Material provided -
____________________

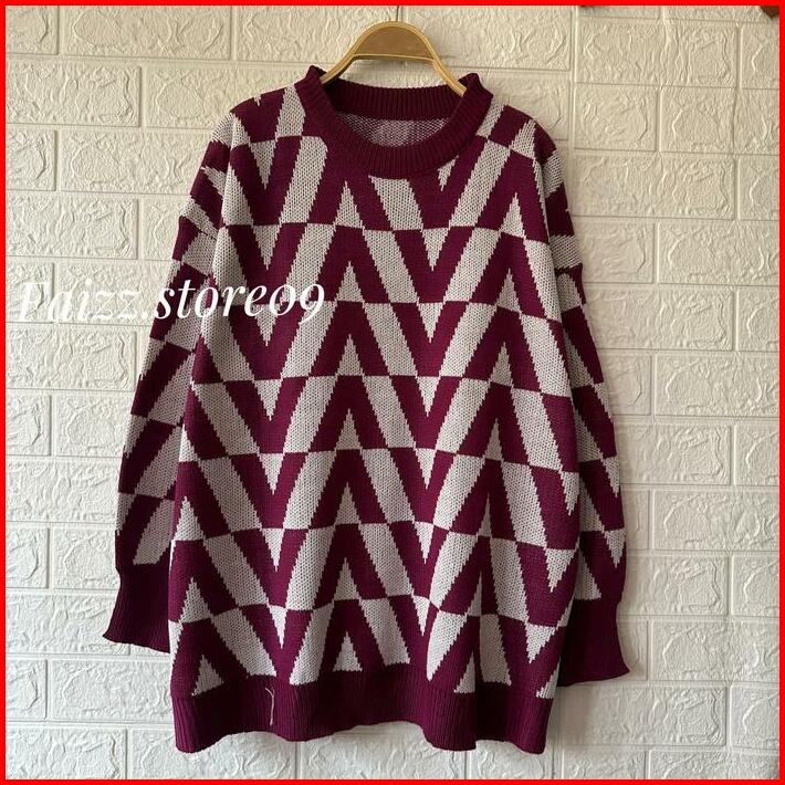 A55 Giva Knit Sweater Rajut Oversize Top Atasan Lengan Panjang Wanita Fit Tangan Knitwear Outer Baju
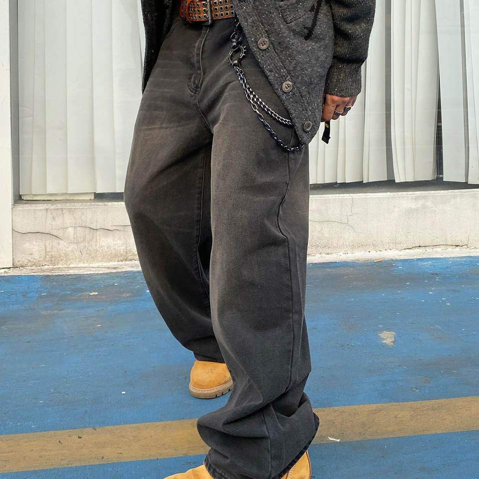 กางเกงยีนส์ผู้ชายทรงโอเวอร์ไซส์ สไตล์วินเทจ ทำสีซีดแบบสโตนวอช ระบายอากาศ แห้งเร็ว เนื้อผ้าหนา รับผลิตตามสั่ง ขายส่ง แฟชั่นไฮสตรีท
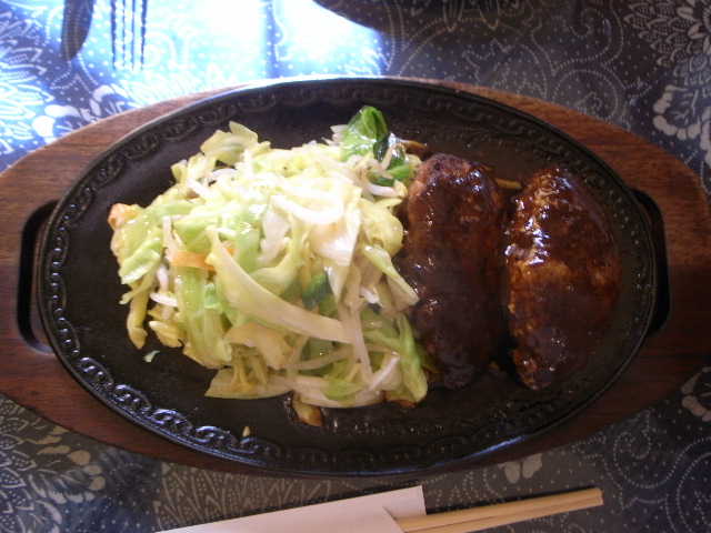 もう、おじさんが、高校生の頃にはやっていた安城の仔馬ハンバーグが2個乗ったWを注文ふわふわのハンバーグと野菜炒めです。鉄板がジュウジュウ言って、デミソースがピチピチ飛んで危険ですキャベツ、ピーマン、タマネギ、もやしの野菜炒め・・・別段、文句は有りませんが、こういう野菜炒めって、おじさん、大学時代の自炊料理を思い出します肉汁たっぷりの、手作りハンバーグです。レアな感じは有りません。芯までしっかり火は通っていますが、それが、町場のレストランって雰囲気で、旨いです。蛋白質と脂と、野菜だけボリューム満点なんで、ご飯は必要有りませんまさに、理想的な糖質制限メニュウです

____________________

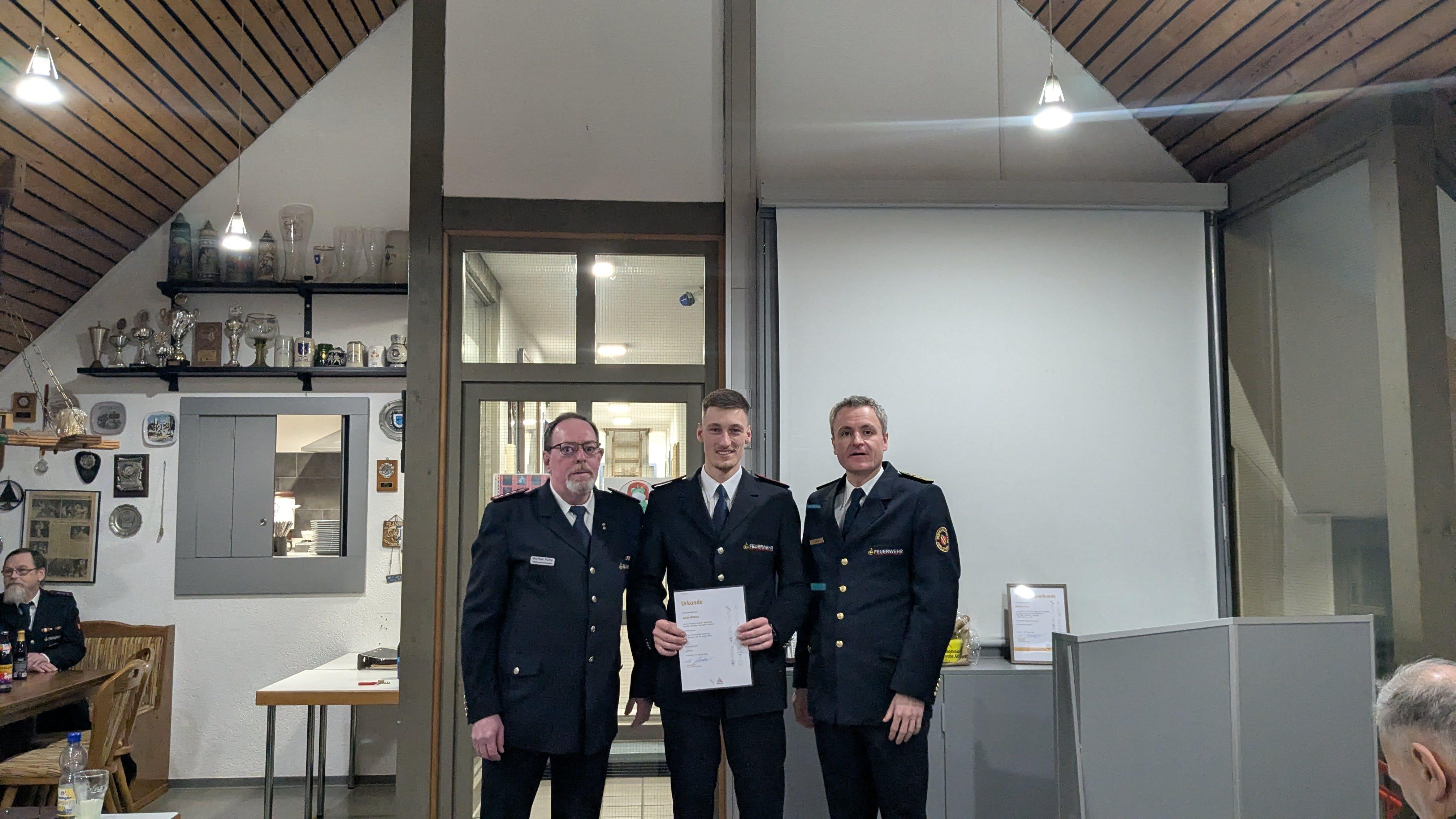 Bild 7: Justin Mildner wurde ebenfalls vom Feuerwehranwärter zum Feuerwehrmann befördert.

____________________

Work to complete - Pictures excluded, transcribe the listing above exactly from the line with "A55 Giva Knit" through the line with "もう、おじさんが、高校生の頃", and no further.

Finished task -
 A55 Giva Knit Sweater Rajut Oversize Top Atasan Lengan Panjang Wanita Fit Tangan Knitwear Outer Baju
 กางเกงยีนส์ผู้ชายทรงโอเวอร์ไซส์ สไตล์วินเทจ ทำสีซีดแบบสโตนวอช ระบายอากาศ แห้งเร็ว เนื้อผ้าหนา รับผลิตตามสั่ง ขายส่ง แฟชั่นไฮสตรีท
 もう、おじさんが、高校生の頃にはやっていた安城の仔馬ハンバーグが2個乗ったWを注文ふわふわのハンバーグと野菜炒めです。鉄板がジュウジュウ言って、デミソースがピチピチ飛んで危険ですキャベツ、ピーマン、タマネギ、もやしの野菜炒め・・・別段、文句は有りませんが、こういう野菜炒めって、おじさん、大学時代の自炊料理を思い出します肉汁たっぷりの、手作りハンバーグです。レアな感じは有りません。芯までしっかり火は通っていますが、それが、町場のレストランって雰囲気で、旨いです。蛋白質と脂と、野菜だけボリューム満点なんで、ご飯は必要有りませんまさに、理想的な糖質制限メニュウです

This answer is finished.